The incidence of true sHLH in COVID-19 remains debated. While there is a striking overlap in features of severe COVID-19 and the HLH syndromes, key diagnostic criteria such as cytopenias are less common than expected in HLH (39,40). Cytokine storm has been recognized in COVID-19 as contributing to many conditions that mimic rheumatologic conditions (41). The inflammatory cascade has been postulated to be a primary cause of capillary leakage, coagulopathies, and even death (42, 43, 44). In addition, the degree of inflammatory dysregulation has been identified as a marker of disease and viral burden; likely, a complex combination of these factors contributes to the development of sHLH in COVID-19 (40,45, 46, 47). In addition, genes associated with pHLH were identified as related to inflammatory dysregulation in severe H1N1 influenza, and it is possible that these genetic factors contribute to variability in the COVID-19 inflammatory response as well (48,49). This suggests that identification of features of HLH in a patient suspected of having COVID-19 may be associated with disease severity, whether this is caused by underlying genetic features or a symptom of viral progression (48).

Conclusions

HLH is a dangerous yet underrecognized disease entity. Emergency clinicians can serve a critical role in the prompt recognition and initiation of appropriate testing to expedite treatment. Severe COVID-19 infections may present with features of HLH and should prompt early evaluation for this highly fatal complication. There remains a significant need for data collection and study on the adult disease population, subpopulations of malignancy-associated cases, genetic variants, and viral-mediated cytokine release syndromes. An increased awareness of HLH will likely contribute to improved understanding of physiology and improve outcomes over time.

Clinical Bottom Line

Further testing reveals elevated ferritin and decreased fibrinogen. The clinical presentation and diagnostic studies suggest pneumonia with HLH. The patient has received fluid resuscitation and broad-spectrum antibiotics. The physician recognizes the potential diagnosis of HLH and speaks with the intensive care specialist and hematologist, who recommend admission to the intensive care unit for further testing and continued resuscitation.

Article Summary

Hemophagocytic lymphohistiocytosis (HLH) is a condition associated with high mortality that increases with a delay in diagnosis, and the clinical presentation overlaps with several common syndromes seen in the emergency department (ED). However, ED evaluation for this disease has not previously been addressed in the emergency medicine literature.
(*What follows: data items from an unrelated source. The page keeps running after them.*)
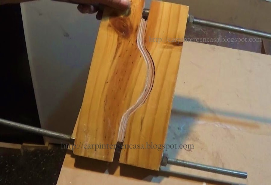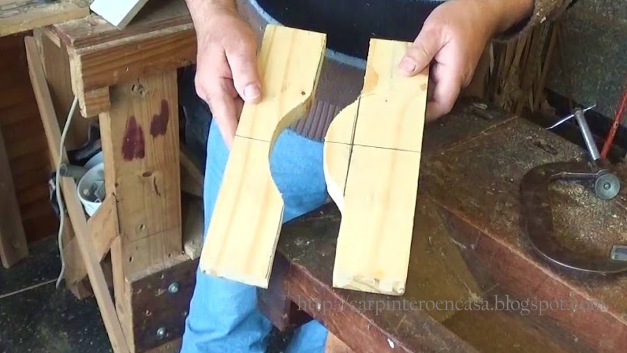 Cortamos luego con la sierra caladora, o con una sin fin, por el centro de la línea más larga tomando también todas las curvas. Tendremos dos piezas. Una será el positivo y otra el negativo.
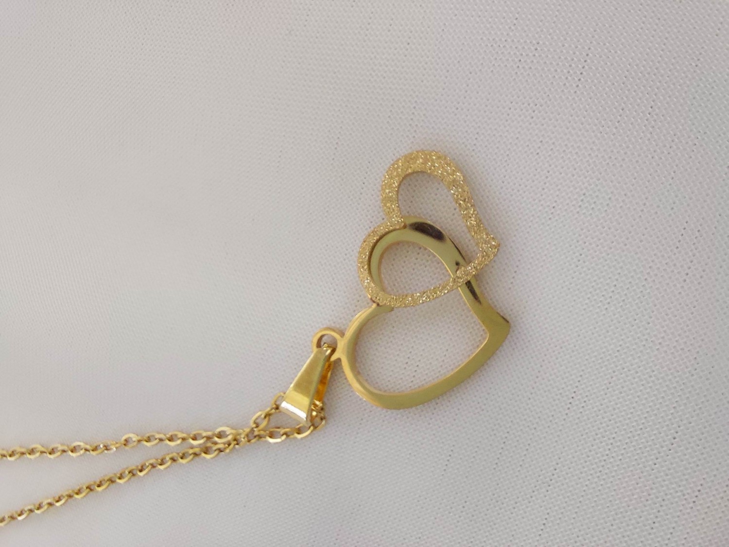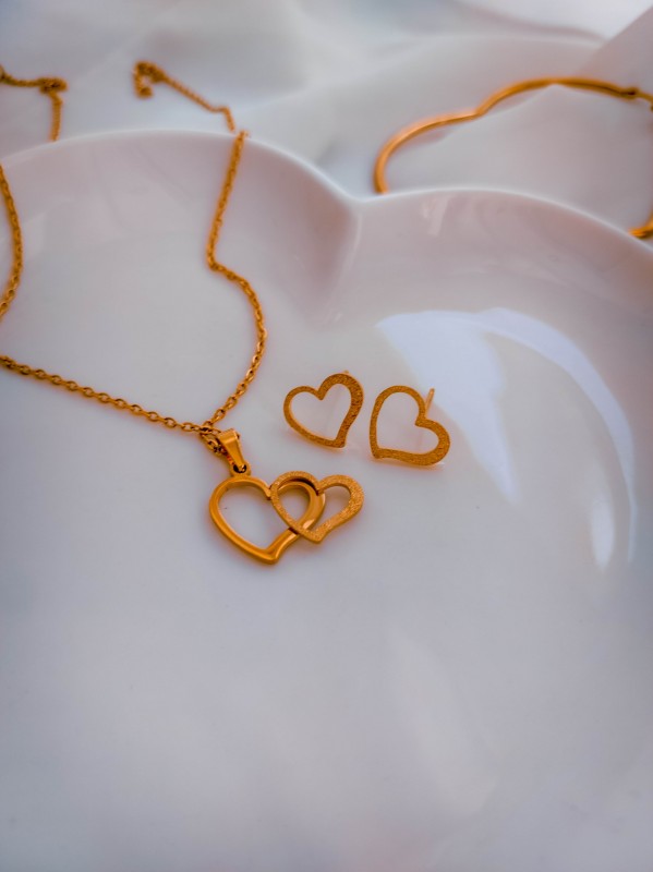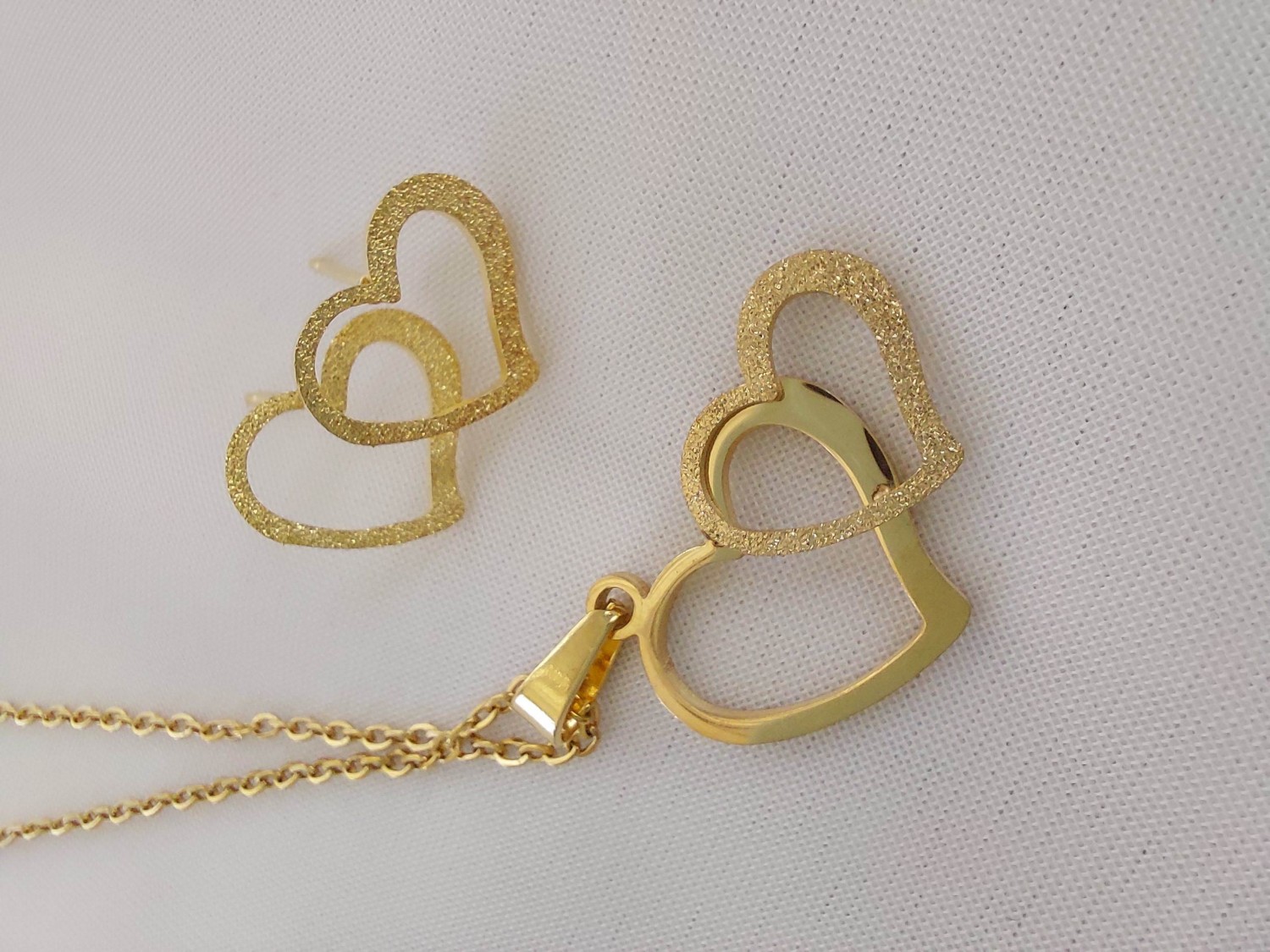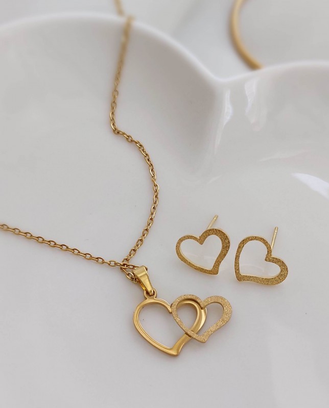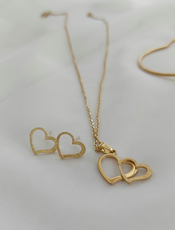 نیم ست قلبی طرح قلب استیل درجه یک و ضدحساسیت با آب کاری طلا میباشد.
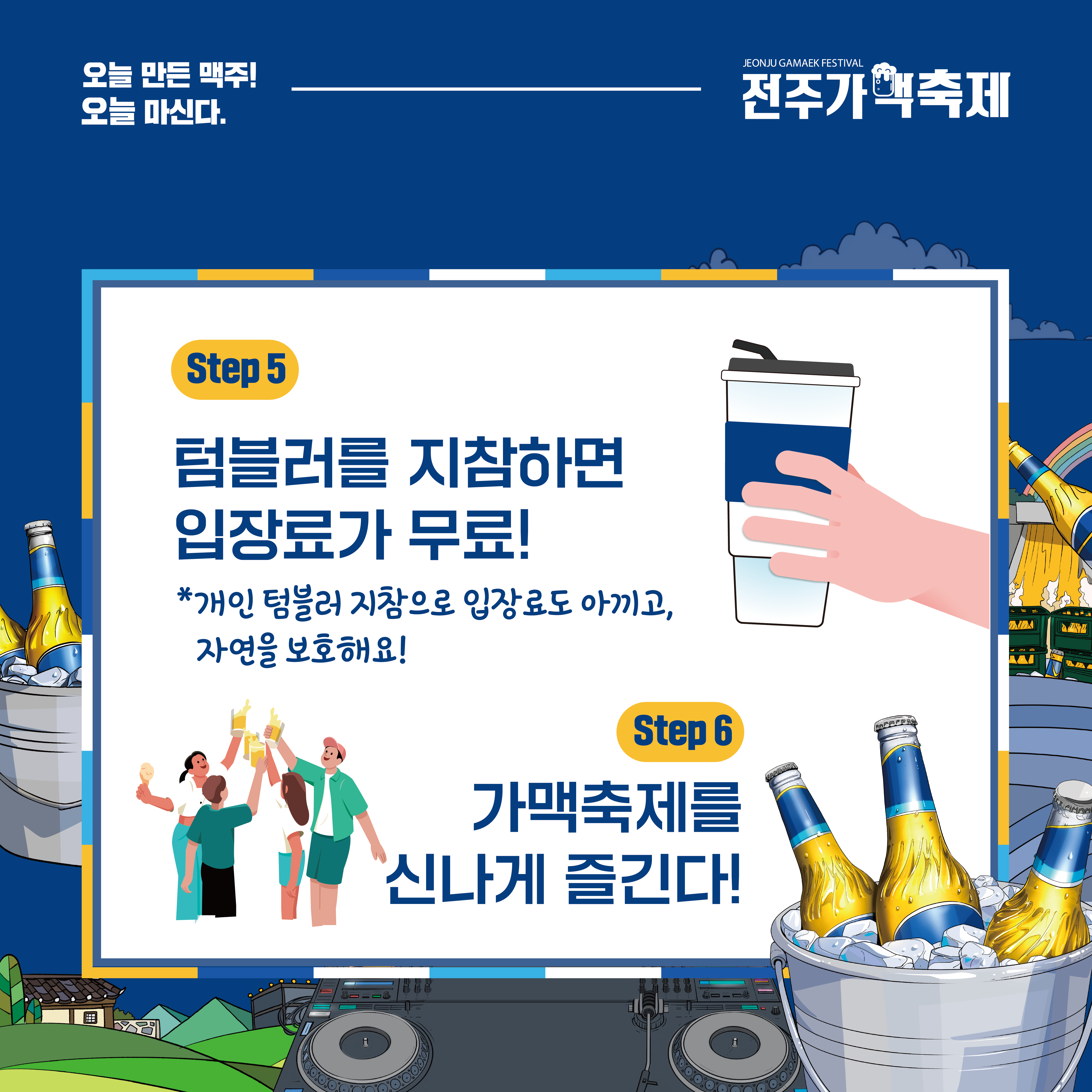 하지만 이때, 텀블러를 지참하면 입장료가 무료입니다! 가져온 텀블러에 맥주를 따라 마시면 된다는 것!!
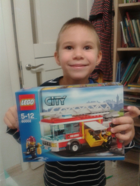 Выбирал сам. Его любимое лего, да еще и пожарная машина! Мы его еще не собрали, т.к. поздно привезли домой, как соберем-покажем;-))
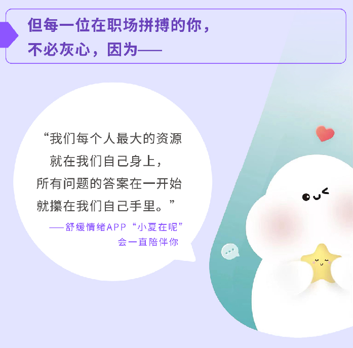 專家強調(diào),在全面復工、復產(chǎn)、復市的社會需求下,每個人都應該識別自身的心理狀態(tài)和所處的環(huán)境,采取有效的措施和手段穩(wěn)定情緒、加強溝通,堅守自身心理安全底線,快速調(diào)整心態(tài),以積極、正面的情緒迎接新生活。除主動學習心理學相關(guān)知識,專家還建議個人可借助專業(yè)、科學的心理測試工具時時檢測心理狀態(tài),如中國心理安全月中同期推出的舒緩情緒APP“小夏在呢”,也已經(jīng)成為大量用戶識別自己心理安全狀態(tài)的有效工具。

This review provides a summary of HLH and an approach to the recognition of HLH in the ED.

Several factors from the history, examination, and laboratory studies can suggest the disease. Common features include a history of infection or malignancy, fever, splenomegaly or hepatomegaly, hyperferritinemia, cytopenias, coagulopathies, abnormal liver enzymes, and hypertriglyceridemia. Once diagnosed, disease-specific treatment can be considered, along with hematology consultation.

Consideration of HLH with appropriate evaluation in the ED and specialist consultation can assist with ED diagnosis of this dangerous condition.